JupiterNCSM: A Pantheon of Nuclear Physics —an implementation of three-nucleon forces in the no-core shell model—

Författare: Tor Djärv; Chalmers University Of Technology; []

Nyckelord: ;

Sammanfattning: It is well established that three-nucleon forces (3NFs) are necessary for achieving realistic and accurate descriptions of atomic nuclei. In particular, such forces arise naturally when using chiral effective field theories (χEFT). However, due to the huge computational complexity associated with the inclusion of 3NFs in many-body methods they are often approximated or neglected completely. In this thesis, three different methods to include the physics of 3NFs in the ab initio no-core shell-model (NCSM) have been implemented and tested.

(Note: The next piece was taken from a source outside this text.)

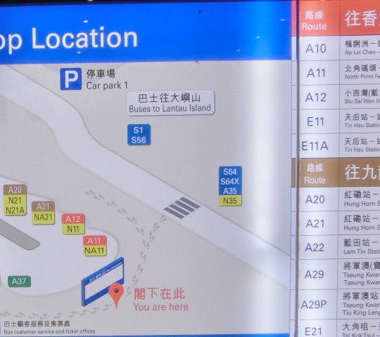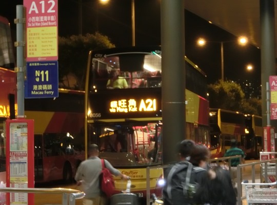 案内板を見ると、各乗場に「1乗場」、「2乗場」、・・・、という番号はなく、バスの系統番号が乗場番号を兼ねている様子。案内板では、香港島方面は赤色、九龍方面は金色、のように色分けされていた。

In the first method, we approximate the 3NFs as effective two-body operators by exploiting Wick’s theorem to normal order the 3NF relative a harmonic-oscillator Slater determinant reference state and discarding the remaining three-body term. We explored the performance of this single-reference normal-ordered two-body approximation on the ground-state ener- gies of the two smallest closed-core nuclei, 4He and 16O, in particular focusing on consequences of the breaking of translational symmetry. The second approach is a full implementation of 3NFs in a new NCSM code, named JupiterNCSM, that we provide as an open-source research software. We have validated and benchmarked JupiterNCSM against other codes and we have specifically used it to investigate the effects of different 3NFs on light p-shell nuclei 6He and 6Li. Finally, we implement the eigenvector continuation (EVC) method to emulate the response of ground-state energies of the aforementioned A = 6 nuclei to variations in the low-energy constants of χEFT that parametrize the 3NFs. In this approach, the full Hamiltonian is pro- jected onto a small subspace that is constructed from a few selected eigenvectors. These training vectors are computed with JupiterNCSM in a large model space for a small set of parameter values. This thesis provides the first EVC-based emulation of nuclei computed with a Slater-determinant basis. After the training phase, we find that EVC predictions offer a very high accuracy and more than seven orders of magnitude computational speedup. As a result we are able to perform rigorous statistical inferences to explore the effects of 3NFs in nuclear many-body systems.